En esta semana estamos estudiando la Parashá Masei se encuentra en: Números 33:1-36:13— מַסְעֵי (Mas’ey) significa: “viajes de“.

Leemos en la Parashá:

Números 35:10-12 – “…Habla a los hijos de Israel, y diles: Cuando hayáis pasado al otro lado del Jordán a la tierra de Canaán, (11) os señalaréis ciudades, ciudades de refugio(B) tendréis, donde huya el homicida que hiriere a alguno de muerte sin intención. (12) Y os serán aquellas ciudades para refugiarse del vengador, y no morirá el homicida hasta que entre en juicio delante de la congregación…”

Recordemos que la mitzvah (mandamiento) de Hashem sobre la santidad de la sangre era muy explícito. El derramamiento de sangre humana contaminaba la tierra en la que vivían los hijos de Israel, en medio de la que residía la Shekinah (Presencia) del Eterno, y solo se podía expiar por medio de la sangre del que la había derramado. (Gn. 9:5, 6; Nm. 35:33, 34), preferiblemente a manos del “vengador de sangre,”. Así, en el caso de un asesino, cuando el vengador de la sangre le daba muerte “sin falta” (Ex. 21:23; Nm. 35:21), quedaba vengada la sangre de su víctima y se satisfacía la ley de “pescuezo por pescuezo”. El vengador de sangre o goel tenía el derecho y la responsabilidad de matar al asesino:

Deuteronomio 19:13 – “….No tendrás piedad de él; sino que limpiarás de Israel la sangre del inocente, para que te vaya bien…”

Hasta aquí todo muy entendible, pero, ¿qué pasaba con el homicida involuntario, aquel que, por ejemplo, mataba a su hermano cuando por accidente se desprendía la cabeza del hacha al cortar leña? (Dt 19:4, 5) Para tales desafortunados el Eterno amorosamente proveyó las ciudades de refugio, donde el que derramaba sangre por accidente podía hallar asilo y protección del vengador de la sangre. (Nm. 35:6-32; Jos. 20:2-9).

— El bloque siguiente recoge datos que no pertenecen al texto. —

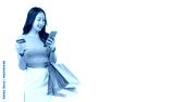 Young asian lady using mobile phone holding credit card carry shopping bags isolated over white background and copy space Smiling young girl purchasing online through phone using credit card

La legislación que presenta aquí la Torá, no tiene paralelo en los anales del Derecho Universal. Se trataba de lo siguiente: Si un individuo -de manera fortuita y accidental- matase a un semejante, deberá ser recluido provisoriamente en una de las seis ciudades de refugio que existirán en todo el territorio de la tierra prometida. Allí permanecerá hasta que los jueces lleven a cabo la averiguación del caso y dictaminen en consecuencia.

En caso de confirmarse ante el tribunal que su acción fue involuntaria, volverá a ser recluido en la ciudad de refugio, y allí estará hasta que se produzca el fallecimiento del Cohén Gadól en funciones. Esto, indica una clara acusación al máximo líder espiritual del pueblo.., por el hecho de haber sucedido esta desgracia bajo su cargo.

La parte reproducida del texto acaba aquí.